Dec. 24 (Bloomberg) -- The Roman Catholic Archbishop of Washington and the archdiocese’s schools failed to persuade a judge to delay her order that they provide cost-free coverage for contraceptive services to employees to comply with Obamacare.
U.S. District Judge Amy Jackson in Washington yesterday denied the archbishop’s request to freeze her Dec. 20 order, in which she rejected arguments that the requirement violates religious freedom, while the U.S. Court of Appeals in Washington considers an appeal by the church and the schools. The request was filed on an emergency basis as the deadline for the mandate is Jan. 1.
Following Jackson’s rejection, the archbishop’s lawyers asked the appeals court to put her ruling on hold. Determining whether insurance coverage for contraceptives violates religious beliefs is “for individual believers, not courts,” the archbishop said in a filing with the appeals court.
The U.S. Supreme Court on Nov. 26 agreed to hear two cases brought by business owners who object on religious grounds to the birth-control mandate. The lawsuits by the for-profit employers, the craft store chain Hobby Lobby Stores Inc. and Conestoga Wood Specialties Corp., will be the court’s first look at President Barack Obama’s biggest legislative accomplishment since a majority of the justices upheld the core of the Patient Protection and Affordable Care Act in 2012.
Previously, appeals courts in Chicago, Denver and Washington ruled the mandate may violate religious freedom, while appellate panels in Philadelphia and Cincinnati had sided with the government.
Under a revision to Affordable Care Act coverage requirements, Catholic health and education groups are to notify third-party benefit administrators of their objections to the contraception mandate and allow them to provide coverage to employees by Jan. 1. Jackson, disagreeing with the plaintiffs, said that notification requirement wasn’t a substantial burden on the groups’ religious rights.

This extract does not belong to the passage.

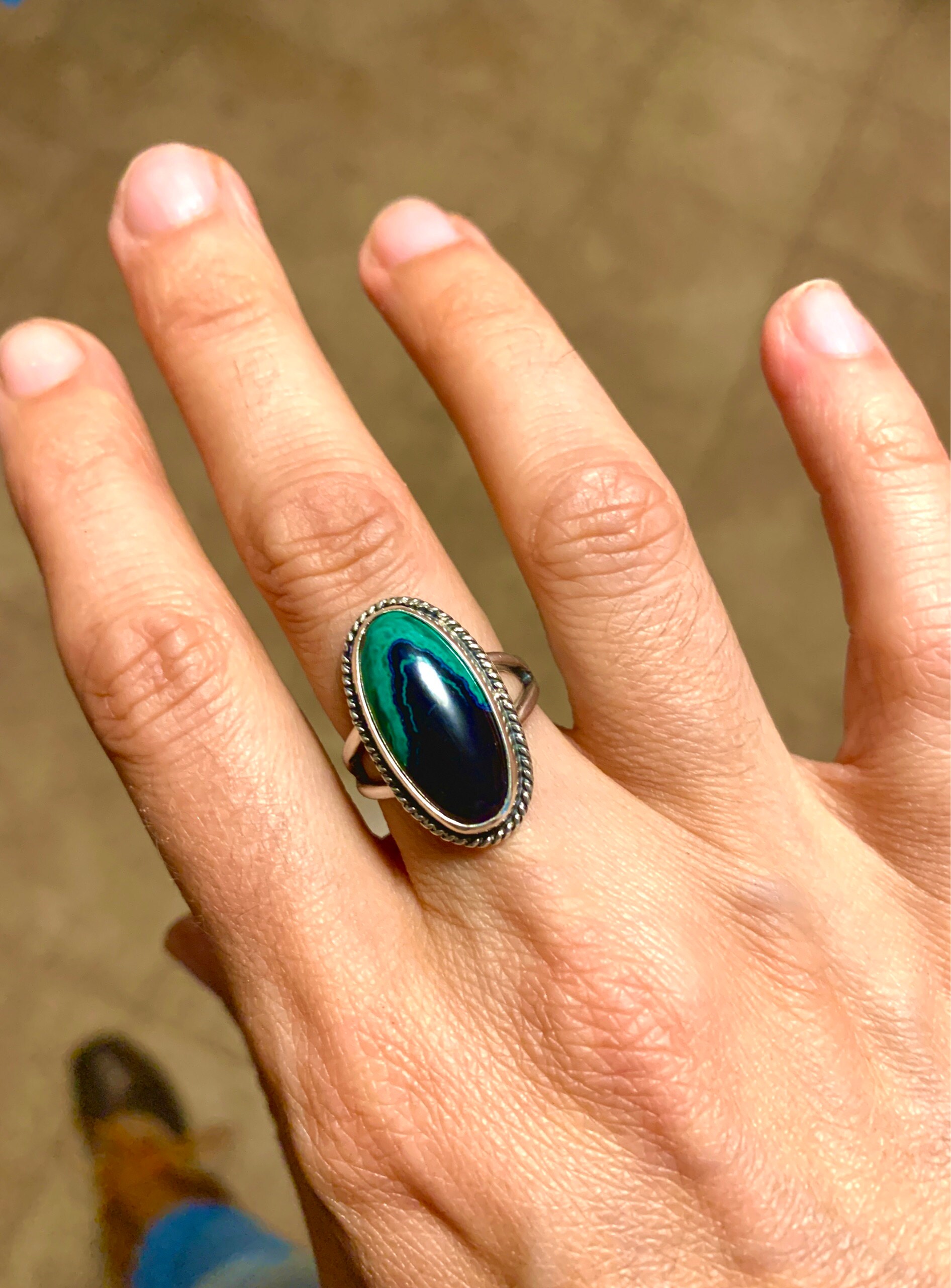 Materials: 925 sterling silver, azurite, Azurite Malachite, sterling silver.

The claims the archbishop made are “practically identical” to those the archdiocese made in a previous case that Jackson threw out in January, she said in her ruling.
Jackson’s ruling conflicts with a Dec. 16 order by U.S. District Judge Brian Cogan in Brooklyn, New York, that barred the government from enforcing the mandate against a group of New York-based Catholic health and educational organizations. This month, the University of Notre Dame filed a complaint in federal court in South Bend, Indiana, challenging the law.
David Timothy Raimer, a lawyer representing the Roman Catholic Archbishop of Washington, didn’t immediately respond to a phone call seeking comment on yesterday’s ruling.
The appeal is Roman Catholic Archbishop of Washington v. Sebelius, 13-5371, U.S. Court of Appeals for the District of Columbia. The district court case is Roman Catholic Archbishop of Washington v. Sebelius, 13-cv-01441, U.S. District Court, District of Columbia (Washington).
The New York case is Roman Catholic Archdiocese of New York v. Sebelius, 12-cv-2542, U.S. District Court, Eastern District of New York (Brooklyn).